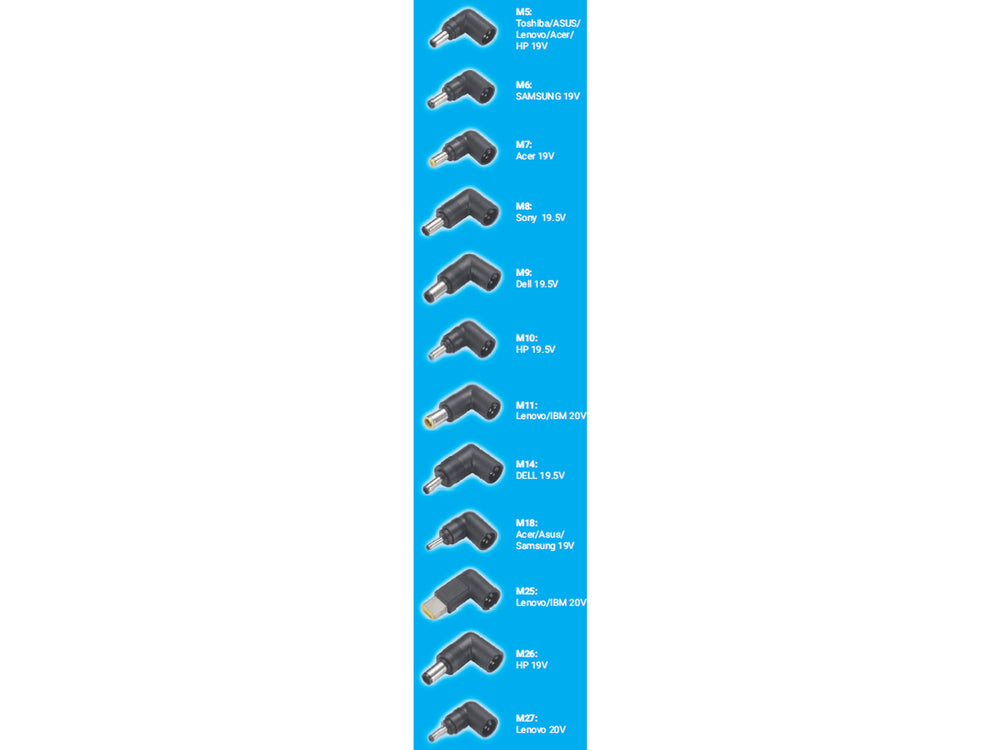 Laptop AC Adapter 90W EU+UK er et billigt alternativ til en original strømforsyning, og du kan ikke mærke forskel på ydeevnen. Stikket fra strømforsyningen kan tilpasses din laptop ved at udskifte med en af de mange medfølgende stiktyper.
==
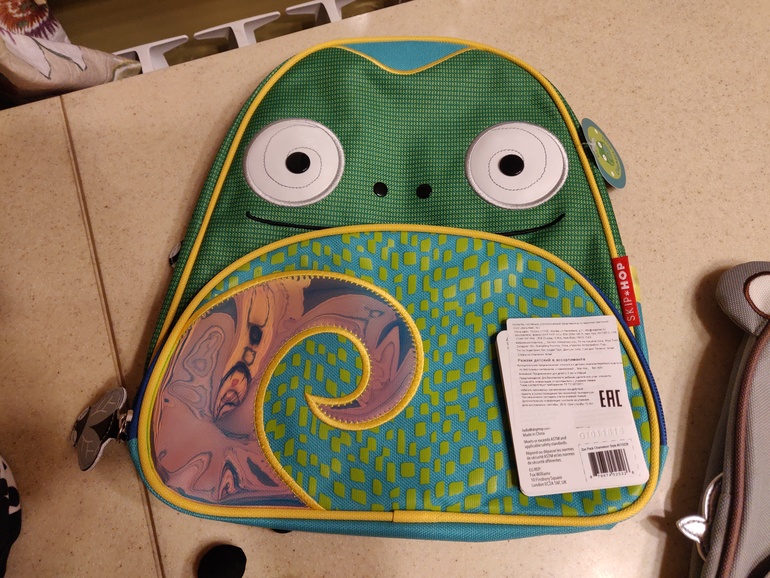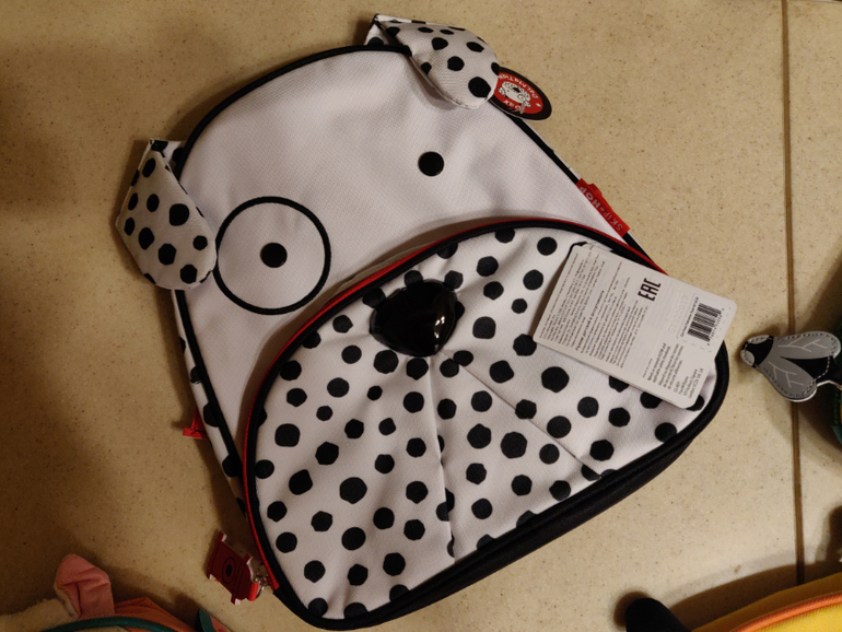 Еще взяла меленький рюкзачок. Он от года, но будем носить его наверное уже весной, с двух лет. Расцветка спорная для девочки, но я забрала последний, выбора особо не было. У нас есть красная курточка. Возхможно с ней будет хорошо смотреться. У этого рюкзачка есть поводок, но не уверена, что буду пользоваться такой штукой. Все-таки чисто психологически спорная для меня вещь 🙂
...
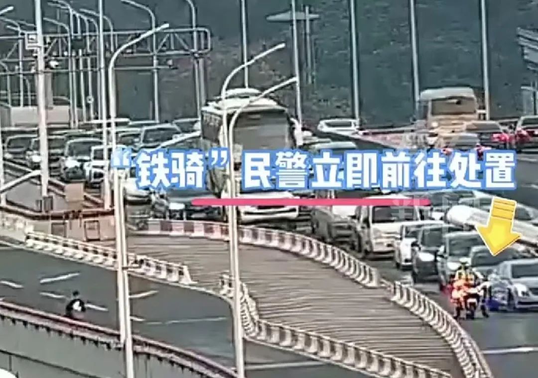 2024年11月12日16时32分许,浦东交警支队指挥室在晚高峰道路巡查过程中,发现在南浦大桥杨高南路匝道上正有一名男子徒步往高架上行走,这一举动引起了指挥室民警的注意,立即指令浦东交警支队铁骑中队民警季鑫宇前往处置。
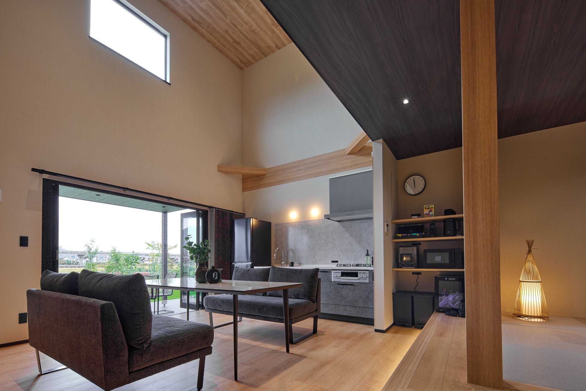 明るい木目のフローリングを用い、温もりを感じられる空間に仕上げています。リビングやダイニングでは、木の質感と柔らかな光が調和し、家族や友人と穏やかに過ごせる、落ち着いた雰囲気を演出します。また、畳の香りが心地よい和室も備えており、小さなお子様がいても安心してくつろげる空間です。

* **DIRECTIONS FOR THIS TASK**
Return the stretch of data that begins with the line showing "2024年11月12日16时" and goes on through the line showing "明るい木目のフローリングを用", exactly, with pictures removed.

* **SOLUTION**
 2024年11月12日16时32分许,浦东交警支队指挥室在晚高峰道路巡查过程中,发现在南浦大桥杨高南路匝道上正有一名男子徒步往高架上行走,这一举动引起了指挥室民警的注意,立即指令浦东交警支队铁骑中队民警季鑫宇前往处置。
 明るい木目のフローリングを用い、温もりを感じられる空間に仕上げています。リビングやダイニングでは、木の質感と柔らかな光が調和し、家族や友人と穏やかに過ごせる、落ち着いた雰囲気を演出します。また、畳の香りが心地よい和室も備えており、小さなお子様がいても安心してくつろげる空間です。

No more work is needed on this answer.